Discussion and Lecture by Lord Nicholas Stern

Date: 
Monday, 23 March, 2009 - 19:00

Public Lecture by Lord Nicholas Stern on “Climate Change, Economic Development and the Global Deal”
23 Mar 2009

India and other developing countries can be leaders in crafting global climate change policy, Lord Nicholas Stern advocated during a public lecture Monday night at the Atria Hotel in Bangalore.

Lord Stern, professor at the London School of Economics and author of the Stern Review on the Economics of Climate Change, said he would like to see the world’s poorer countries take control of the climate change agenda. Their argument to better-off countries should be: prove that you can reduce your carbon dioxide emissions then we will reduce ours. They should also demand technology transfers and funding to adapt to a low carbon future.

In the past, Stern said, the developed countries have proposed deals to developing ones but these deals have often been turned down.

The world will have a chance to strike a deal in December when the United Nations Climate Change Conference meets in Copenhagen.

India and China generate far fewer carbon dioxide emissions per capita than the United States and Europe, which produce around twenty and twelve tons, respectively. India emits less than two tons of carbon dioxide per capita and China produces about five.

Because of their low emissions, and because the economies of the two emerging giants should be allowed to grow, emissions should rise for some time and then come down later, Stern said.

Even if poor countries can wait longer to change, drastic reforms are required to reach Stern’s goal, which is to bring average carbon dioxide levels down to two tons per capita by 2050. Compared to 1990 levels, rich countries would have to bring down emissions by eighty percent while poor ones would have to reduce theirs by fifty percent.
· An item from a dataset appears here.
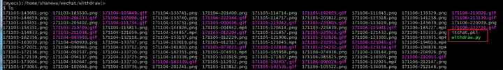 可以看到我用红框框出来的两个文件,其中itchat.pkl是登录的临时文件,有这个文件脚本才能热登陆,绿色的就是脚本,其他的以17开头的都是撤回消息的缓存,尤其图片:

This reform is preferable to the alternatives, according to Stern. It would allow for what he called low carbon growth. High carbon growth is dangerous and will not work for more than a couple more decades while not growing at all is not an option, he added.

The event was sponsored by the Center for Study of Science, Technology and Policy (CSTEP) and HSBC along with the Environment and Good Governance Trust, the London School of Economics (LSE), and the Institute for Social and Economic Change (ISEC).